This weekend in my movie class, we saw a bonus screening of the new romantic-comedy/drama, “Stuck In Love”, starring Greg Kinnear and Jennifer Connelly.
Synopsis
When a divorced writer tries to win back his ex-wife, his efforts appear thwarted when complications develop with their teenage children – but can they still reunite even if they somehow manage to overcome these difficulties?
Story
Despite being an award-winning novelist, Bill (Kinnear) has been dolefully unhappy with his life for the last couple of years since his wife Erica (Connelly) divorced him. So desperate is he that every Thanksgiving, he reserves a place for her at his dinner table even though his teenaged children Samantha (Lily Collins) and her younger brother Rusty (Nat Wolff) both know she will never show up. Undeterred, Bill remains hopeful that someday Erica will eventually come to her senses and eventually return to him one day.
Both Sam and Rusty are trying to follow in their noted father’s footsteps by pursuing a writing career. Sam, however, seems to have an advantage on her younger brother – not just by virtue of the fact that she’s a college sophomore while he’s still stuck in high school, but because she’s just had her first novel published. Considering herself very much the literary intellectual, Sam looks condescendingly upon Rusty’s main influence – the commercially successful Stephen King. She also appears to be a step ahead of him in another regard: she leads a rather promiscuous lifestyle while he’s still a virgin.
Suddenly, Sam and Rusty soon find themselves entangled in their own romantic relationships – she with a fellow student whose mother is dying of a brain tumor and he with a classmate who has a most severe substance abuse problem. Although both Sam and Rusty appear to be on good terms with their father, Sam resents her mother for dumping him and refuses to speak to her. When Erica implores Bill to help her reconcile with their daughter, he sees this as an opportunity to get Erica back in his life as well – but when both offspring wind up encountering romantic conflicts of their own, will this prevent Bill and Erica from restoring their family unit?
Review
In many movie reviews, the word “confection” is frequently used to describe films such as “Stuck In Love” – however, when pulled out of context, it may be difficult to ascertain whether or not it is being used in the pejorative form. Without a doubt, “Stuck In Love” is most definitely a confection – but whether or not you buy into some of the dramatic conceits may determine your interpreting this term as an insult or not. While the cast’s performances do frequently rise above the material, painfully obvious convenient moments dropping in merely to move the story forward might be what some would consider “cringeworthy”.

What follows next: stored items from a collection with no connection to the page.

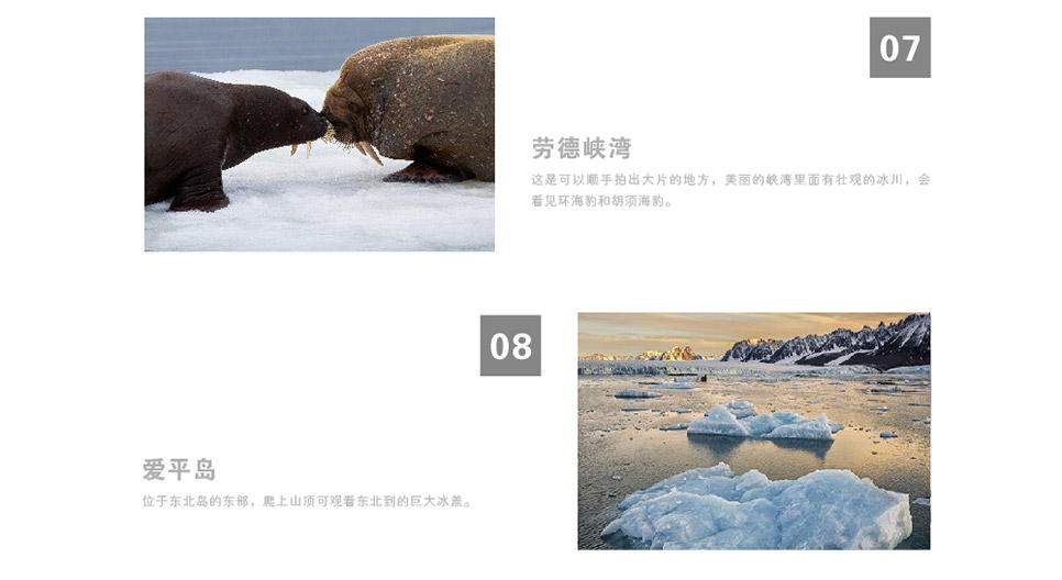 科维托岛:位于群岛的最东部,这个是最少有游客能到达的岛,整个岛屿被冰盖覆盖,只剩一小块没有冰雪的地方。预计能见到大群的海象。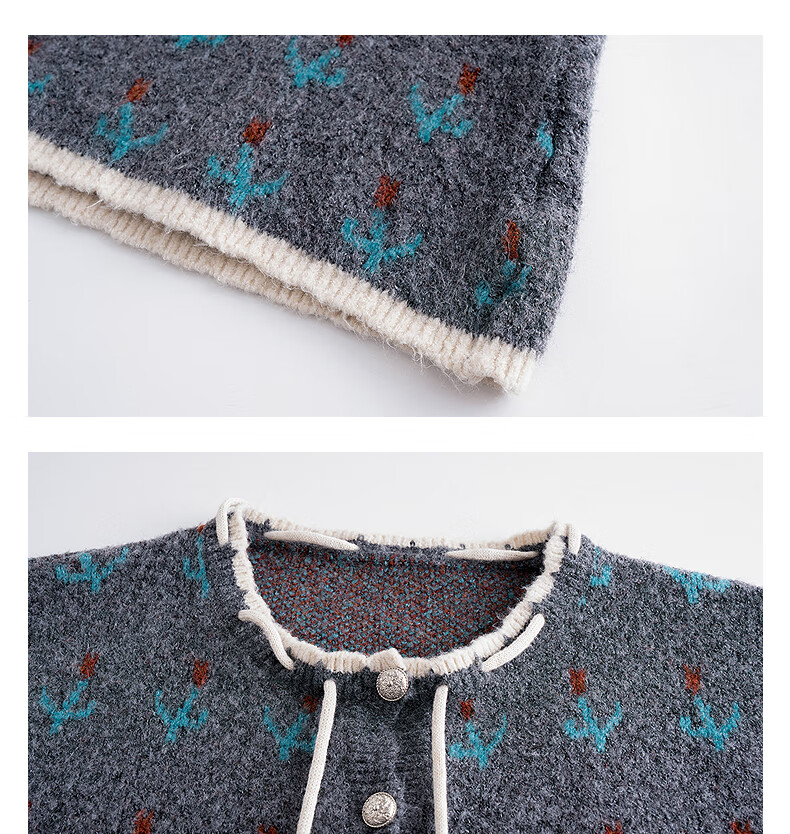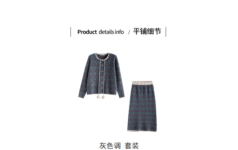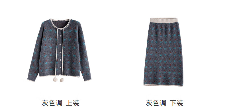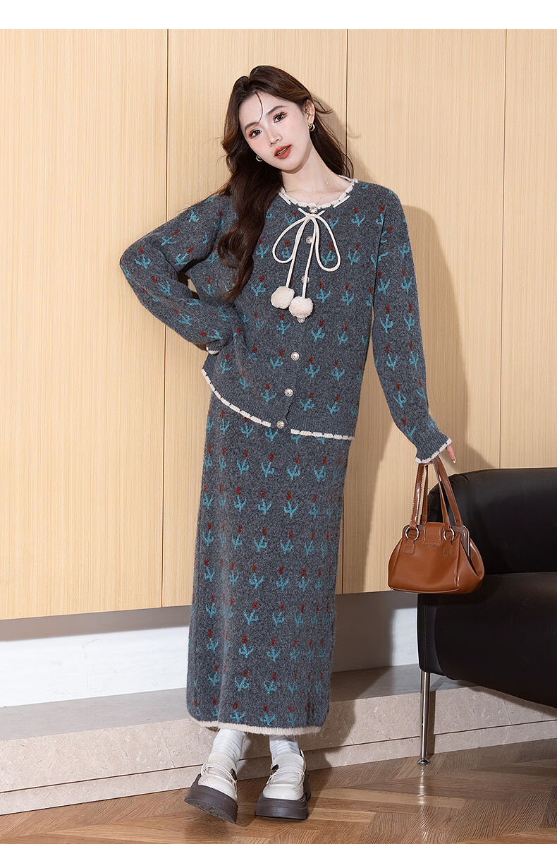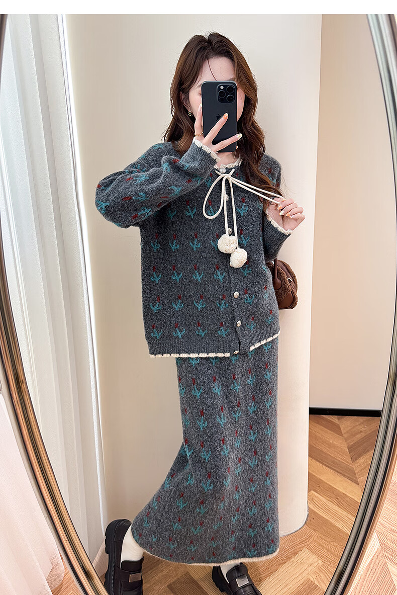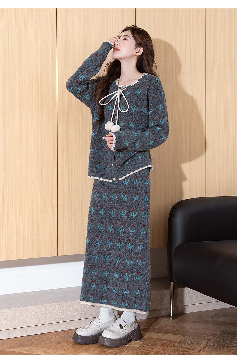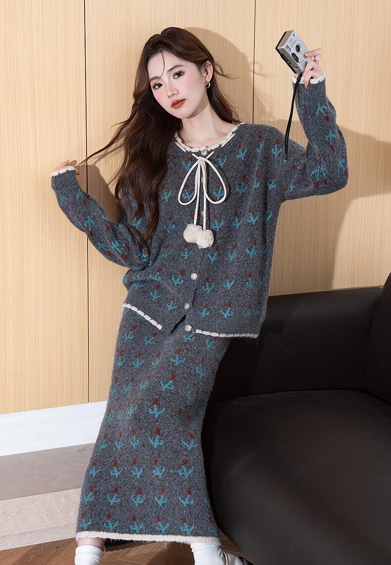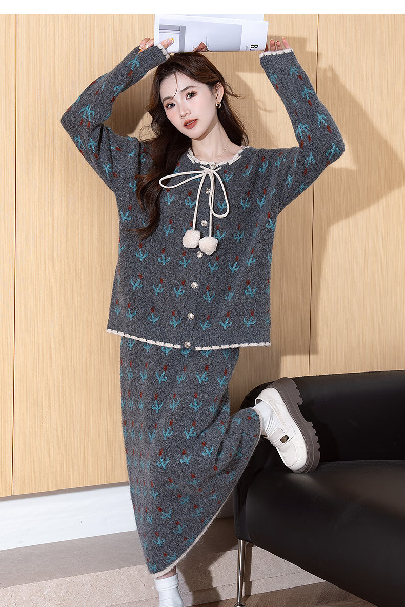 TonLion 2025 autumn and winter retro style pattern cardigan sweater and skirt two-piece women's suit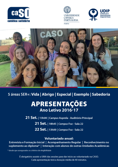 21.09.2016 12:00 Sessões de Apresentação da CASO – CAtólica SOlidária Link: https:///pt/central-eventos/sessoes-apresentacao-caso-catolica-solidaria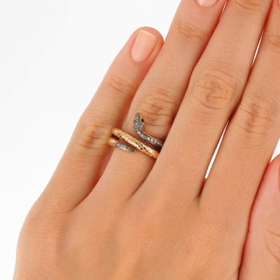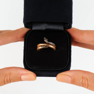 Золотое кольцо с бриллиантами, бриллиантами и бриллиантами чёрными природными

Gorgeous Kristin Bell seems to try to make the most of what appears to be a throw-away role of Tricia, Bill’s f*-buddy, who ultimately plays something of a cheerleader in trying to get him out of his romantic lethargy. More striking to me was Lily Collins, who seemed in this movie to be the spitting image of Connelly – although she sometimes comes across more like Erica’s younger sister than her adolescent daughter. Ultimately, the failure of “Stuck In Love” also comes in the difficulty of being able to root for its protagonist, Bill, who seems to be narcissistically trying to push both of his children into his own profession simply in order to validate his own life – perhaps its source being a mid-life crisis arising from the divorce, but the film never explores this.
Should you see this movie? Well, my misgivings aside, it’s not a complete waste of time – the gentle humor skews towards weak jokes, so don’t expect anything about “Stuck In Love” to be a cutting edge comedy. If something comfortable, familiar and unchallenging is what you crave, then this might just be your film. This is more of an airplane movie than something you want to run out to theaters and stand on line to see; should it show up on cable during one rainy day, “Stuck In Love” would probably be as good a choice as just about anything else.